In the above result, the duration minutes was capped at 70 miles in ETL and that was the maximum distance, and same goes with minimum distance being >0 miles.

### What was the average, median, minimum and maximum speed in km per hour?

In [17]:
spark.sql('''
select taxi_colour
    ,ROUND(AVG(trip_distance * 1.609 /(duration_mins/60)), 6) as avg_speed_kmhr
    ,ROUND(percentile_approx(trip_distance * 1.609 /(duration_mins/60), 0.5), 6) as median_speed_kmhr
    ,ROUND(min(trip_distance * 1.609 /(duration_mins/60)), 6) as min_speed_kmhr
    ,ROUND(max(trip_distance * 1.609 /(duration_mins/60)), 6) as max_speed_kmhr
    FROM nyc_taxi_data_2015_16
    group by taxi_colour
''').show()

+-----------+--------------+-----------------+--------------+--------------+
|taxi_colour|avg_speed_kmhr|median_speed_kmhr|min_speed_kmhr|max_speed_kmhr|
+-----------+--------------+-----------------+--------------+--------------+
|      green|     20.589008|        18.756343|         3.218|        112.63|
|     yellow|     19.026017|        16.824398|         3.218|    112.629998|
+-----------+--------------+-----------------+--------------+--------------+



In the above result, the speed was taken between 2mph and 70mph in ETL and that is the minimum and maximum speed in kmhr.

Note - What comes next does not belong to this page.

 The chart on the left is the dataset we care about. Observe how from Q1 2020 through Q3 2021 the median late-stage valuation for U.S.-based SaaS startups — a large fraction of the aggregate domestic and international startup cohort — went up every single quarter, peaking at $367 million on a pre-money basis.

## Q3. What was the percentage of trips where the driver received tips?

In [18]:
spark.sql('''
    select taxi_colour, sum(case when tip_amount > 0 then 1 else 0 end)/count(1) * 100 as tipped_trips_percentage
    from nyc_taxi_data_2015_16
    group by taxi_colour
''').show()

+-----------+-----------------------+
|taxi_colour|tipped_trips_percentage|
+-----------+-----------------------+
|      green|      41.14766720704491|
|     yellow|      62.00446030413704|
+-----------+-----------------------+



## Q4. For trips where the driver received tips, What was the percentage where the driver received tips of at least $10.

In [24]:
spark.sql('''
    select taxi_colour, sum(case when tip_amount >= 10 then 1 else 0 end)/sum(case when tip_amount > 0 then 1 else 0 end) * 100 as tipped_trips_percentage_gt_10
    from nyc_taxi_data_2015_16
    group by taxi_colour
''').show()

+-----------+-----------------------------+
|taxi_colour|tipped_trips_percentage_gt_10|
+-----------+-----------------------------+
|      green|           1.7097524699694122|
|     yellow|           3.0469699535287367|
+-----------+-----------------------------+



## Q5. For each bins, calculate:

### Average speed (km per hour)

In [20]:
spark.sql('''
    select cat_duration, ROUND(AVG(trip_distance * 1.609 /(duration_mins/60)), 6) as avg_speed_km_hr
    from nyc_taxi_data_2015_16
    group by cat_duration
''').show()

+-------------+---------------+
| cat_duration|avg_speed_km_hr|
+-------------+---------------+
|Above 30 mins|       24.76117|
|   10-20 mins|      18.279589|
|    5-10 mins|      17.473161|
|   20-30 mins|      21.468919|
| Under 5 mins|      20.018777|
+-------------+---------------+



### Average distance per dollar (km per $)

In [21]:
spark.sql('''
    select cat_duration, ROUND(AVG(trip_distance * 1.609 /total_amount), 6) as avg_km_dollar
    from nyc_taxi_data_2015_16
    group by cat_duration
''').show()

+-------------+-------------+
| cat_duration|avg_km_dollar|
+-------------+-------------+
|Above 30 mins|     0.407061|
|   10-20 mins|     0.274964|
|    5-10 mins|     0.226161|
|   20-30 mins|      0.32054|
| Under 5 mins|     0.172607|
+-------------+-------------+



## Q6. Which duration bin will you advise a taxi driver to target to maximise his income?

I would advise a taxi driver to target the long trips which are over 30 minutes for maximum income. Also, I would say to not miss the trips on Saturdays, and 6-7pm on the weekdays as those times are the times where there are most number of trips.